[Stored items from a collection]

-----

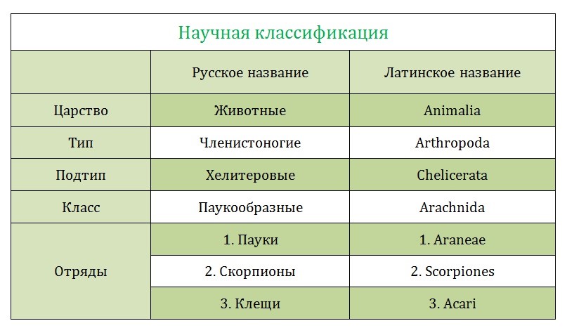 Таблица «Научная классификация паукообразных»
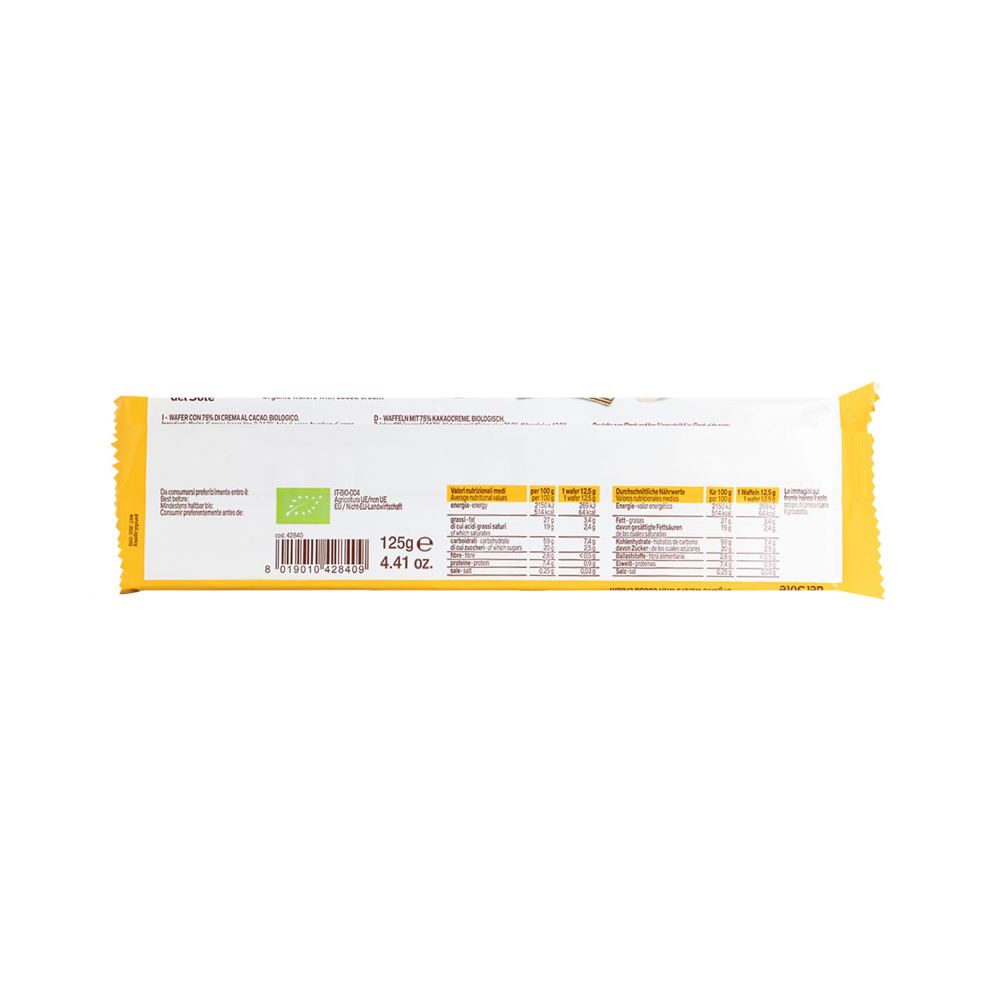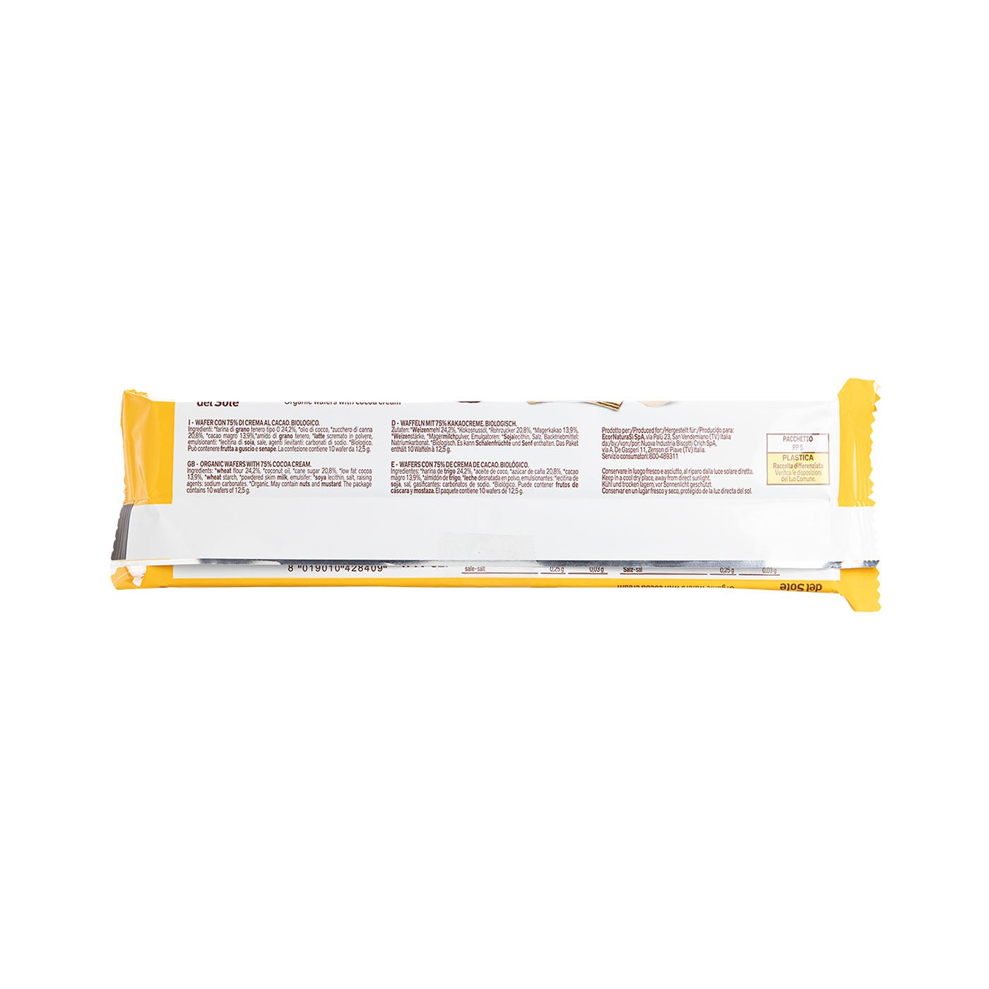 Crujiente, cremoso y ecológico. Disfruta cada bocado del delicioso Wafer de Cacao La Città del Sole.
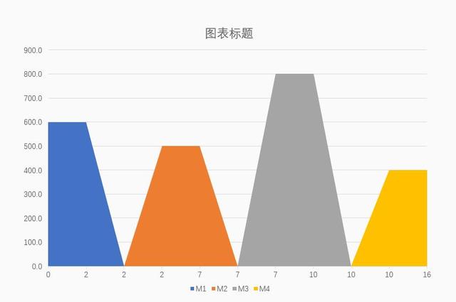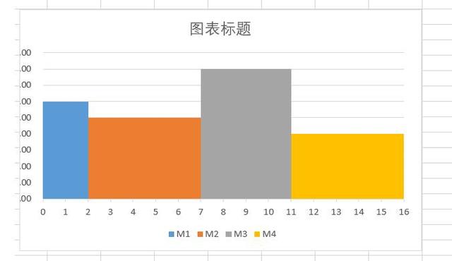 1.比如上面做的不等宽柱形图,其中一种方法是用堆积面积图,得到如下效果:
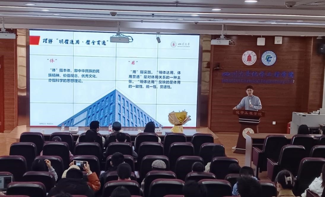 随后,四川省省委宣讲团代表周一山同学进行主题为“明体达用、体会贯通,为文化自信注入当代青年的蓬勃力量”宣讲,他带领我们深入理解了习近平文化思想“明体达用、体会贯通”的鲜明品格。周一山强调,青年是推动历史发展和社会进步的重要力量,我们更应坚定文化自信,铸牢爱国之心,积极传承发扬中华优秀传统文化。
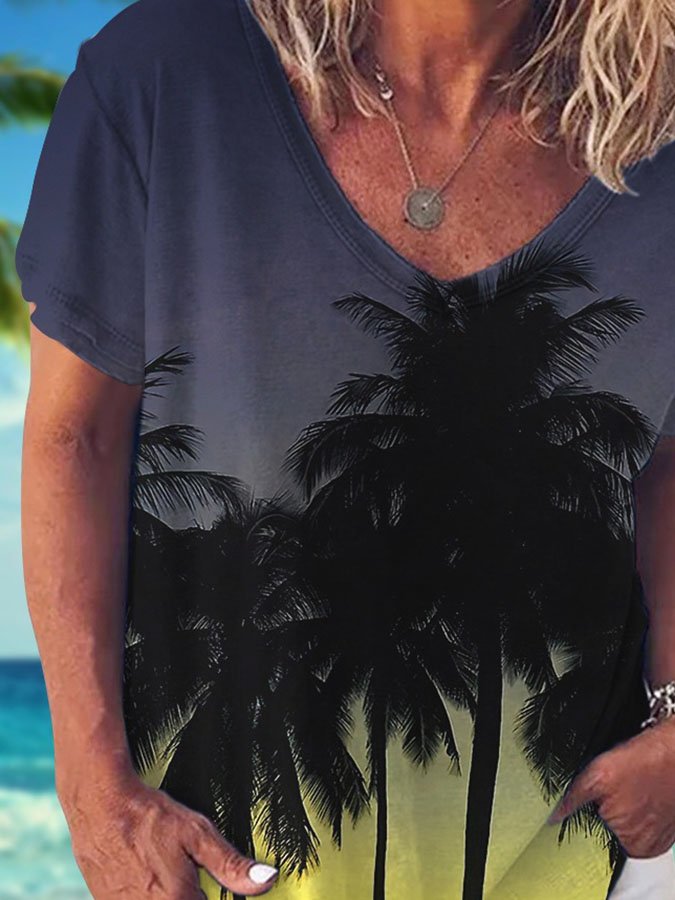 V-Neck Palm Tree Print Short Sleeve T-Shirt

-----

Write the lines from the one with "Crujiente, cremoso y" through the last line of the entries out again exactly, both ends included, and skip the pictures.

*REPLY TO THE TASK*
 Crujiente, cremoso y ecológico. Disfruta cada bocado del delicioso Wafer de Cacao La Città del Sole.
 1.比如上面做的不等宽柱形图,其中一种方法是用堆积面积图,得到如下效果:
 随后,四川省省委宣讲团代表周一山同学进行主题为“明体达用、体会贯通,为文化自信注入当代青年的蓬勃力量”宣讲,他带领我们深入理解了习近平文化思想“明体达用、体会贯通”的鲜明品格。周一山强调,青年是推动历史发展和社会进步的重要力量,我们更应坚定文化自信,铸牢爱国之心,积极传承发扬中华优秀传统文化。
 V-Neck Palm Tree Print Short Sleeve T-Shirt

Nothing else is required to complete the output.